0797: Increased Duration of Mycophenolate Hold Improves Antibody Response to SARS-CoV-2 Vaccination in Patients with Rheumatic and Musculoskeletal Disease
Johns Hopkins University School of Medicine Baltimore, MD, United States
Sarah Frey1, Caoilfhionn Connolly1, Teresa Po-Yu Chiang1, Mayan Teles1, Jennifer Alejo1, Jemima Albayda1, Lisa Christopher-Stine1, Dorry Segev2, William Werbel1 and Julie Paik1, 1Johns Hopkins University, Baltimore, MD, 2NYU Langone Health, New York, NY
Background/Purpose: Patients with rheumatic and musculoskeletal diseases (RMD) treated with mycophenolate (MMF) have an attenuated humoral response to SARS-CoV-2 mRNA vaccination. A temporary hold of mycophenolate in the perivaccination period is associated with improved antibody response, prompting the American College of Rheumatology to recommend holding mycophenolate for one week after vaccine dose to enhance immunogenicity. The optimal duration of withholding therapy remains unknown. We sought to understand the impact of the duration of perivaccination mycophenolate hold on disease control (i.e. flare) and immunogenicity of SARS-CoV-2 vaccination in patients with RMD.
Methods: We leveraged an observational prospective cohort of RMD patients without prior COVID-19 who had received two mRNA SARS-CoV-2 vaccine doses. Demographic and clinical information was collected via electronic questionnaire. We included participants who reported MMF use. Serologic testing was undertaken on the Roche Elecsys anti-SARS-CoV-2 S enzyme immunoassay (range 0.4-250U/mL, later expanded to >2500U/mL) at 2 weeks, 1 month and 3 months after dose 2 (D2); we utilized the highest available titer from any of these time points. Antibody response >250U/mL was defined as high titer. One-month post-D2, participants were invited to complete an online questionnaire detailing prior history of flare, incident flare events including symptoms, duration, and treatment; flare events were qualified as flares requiring treatment by a physician. Characteristics were compared using Wilcoxon rank-sum or Fisher's exact test as appropriate; all tests were two-sided with an α level of 0.05. Analysis was conducted on Stata/SE17.0 (College Station, TX).
Results: Of 220 participants who reported MMF use, 177 (80.5%) did not withhold in the perivaccination period (Table 1). Among the 43 who did withhold MMF, 21 (48.8%) held for less than 10 days, while 22 (51.2%) held for at least 10 days. The median (IQR) days held in each group was 5 (2,7) and 21 (14, 30), respectively. A higher proportion of participants who held for at least ten days had a high antibody response compared to those who continued therapy or held for less than 10 days (64% [14/22] versus 29%[6/21] and 29% [51/177] respectively; p=0.006) (Table 2). There were similar rates of flare in the post-vaccination period in all groups (6.8%, 9.5%, and 4.5% respectively; p=1.00); none reported flare requiring intravenous therapy or hospital admission.

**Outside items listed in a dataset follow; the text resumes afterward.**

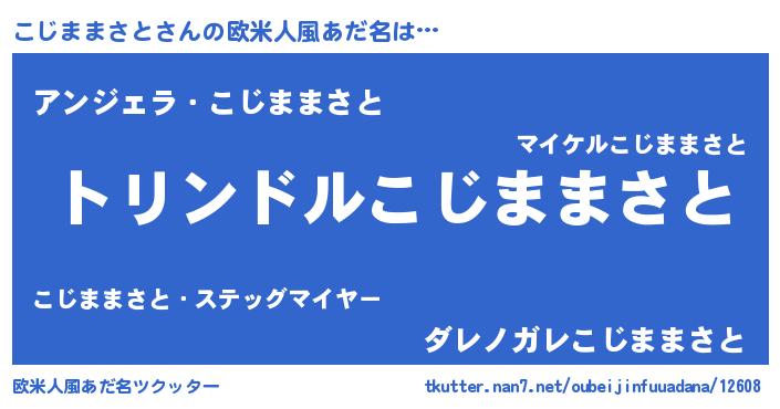 | 男性向けラノベタイトル風あだ名 | 『こじままさと~年齢イコール彼女いない歴の魔法使い~』 |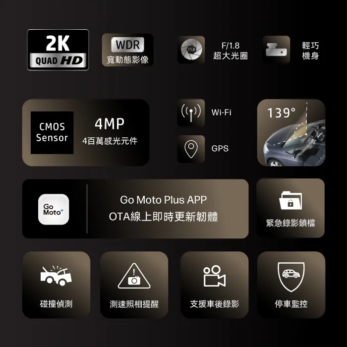 WDRQUAD HD 寬動態影像F/1.8輕巧超大光圈機身Wi-Fi139CMOS4MPSensor4百萬感光元件GPSGo Moto Plus APPGoMototOTA線上即時更新韌體緊急錄影鎖檔碰撞偵測測速照相提醒支援車後錄影停車監控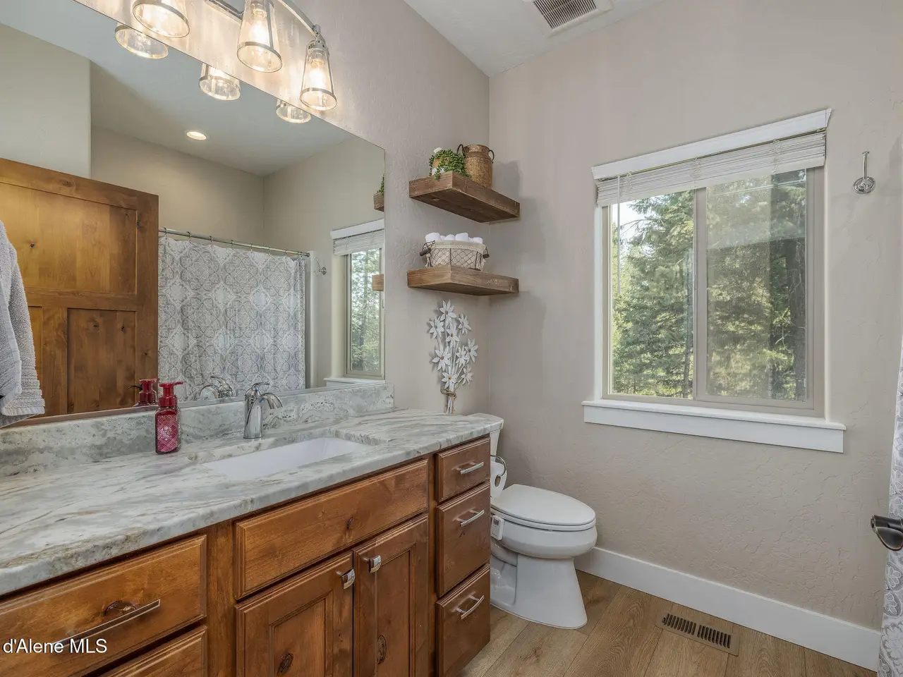 Peaceful Hauser Lake property with refined living await you in this custom 2625 square foot home with 3 bedrooms + bonus rm(4th bedroom), 2 full baths, & 2 half baths. Enjoy lake views from the kitchen, living room, and bedrooms, or relax on the covered deck that faces the Lake - perfect for morning coffee or evening sunsets. The gourmet kitchen features granite countertops, a large island, and opens to a spacious living area with a cozy fireplace. The primary suite includes a private deck & serene views. Outdoors, enjoy wooded privacy, a fenced garden, and dog run on 3.37 acres within a gated community, plus access to a private beach with dock. The heated/cooled bunkhouse is ideal for guests or workspace. A standout 36x40 finished shop features a wood stove, heat, and half bath - an absolute dream for hobbyists or storage. Located just blocks from Embers Pizza, this home combines elegance, comfort, and lifestyle.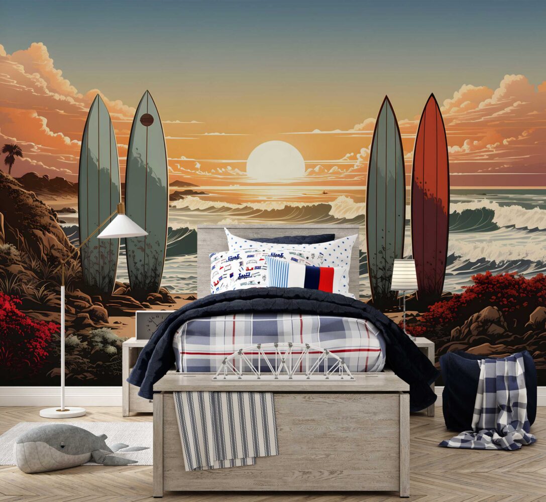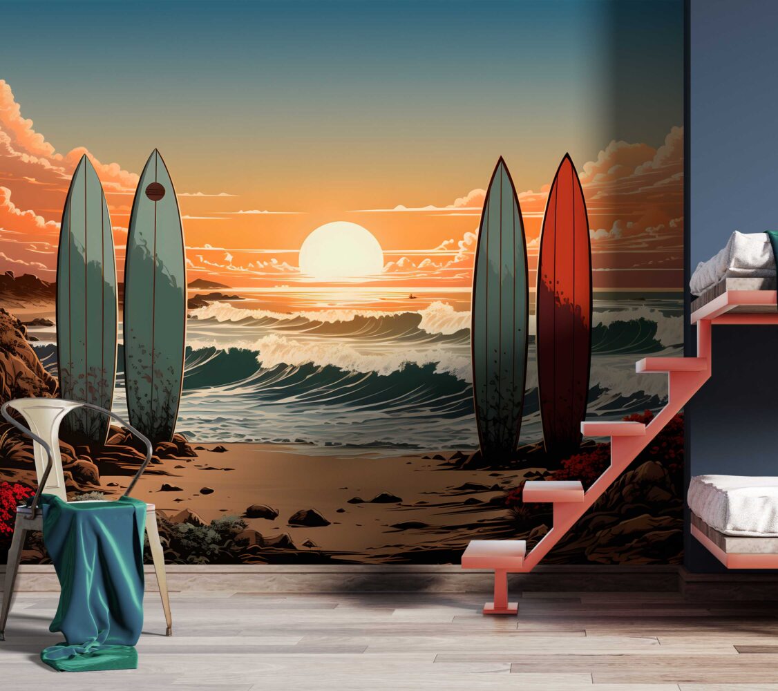 Okyanus da Sörf Tahtası Duvar Kağıdı üretimi, uygulanmasını isteyeceğiniz boyut ve konumuna uygun olarak talepleriniz doğrultusunda size özel imal edilir.

Conclusion: Longer duration of peri-vaccination mycophenolate hold is significantly associated with increased rates of high positive antibody response following two-dose SARS-CoV-2 vaccination. Reassuringly, there was not an increased rate of flare among participants who withheld therapy. Table 1. Demographic and clinical characteristics, stratified by peri-vaccination mycophenolate hold duration.
Table 2. Anti-spike antibody response following two dose SARS-CoV-2 vaccine dose in RMD, stratified by peri-vaccination mycophenolate hold duration. Disclosures: S. Frey, None; C. Connolly, None; T. Po-Yu Chiang, None; M. Teles, None; J. Alejo, None; J. Albayda, None; L. Christopher-Stine, Janssen, Boehringer-Ingelheim, Mallinckroft, EMD-Serono, Allogene, ArgenX; D. Segev, Sanofi, Novartis, Veloxis, Mallinckrodt, Jazz Pharmaceuticals, CSL Behring, Thermo Fisher Scientific, Caredx, Transmedics, Kamada, MediGO, Regeneron, AstraZeneca, Takeda, Bridge to Life; W. Werbel, None; J. Paik, Pfizer Inc, Kezar Inc, Roivant, Argenx, Alexion Inc.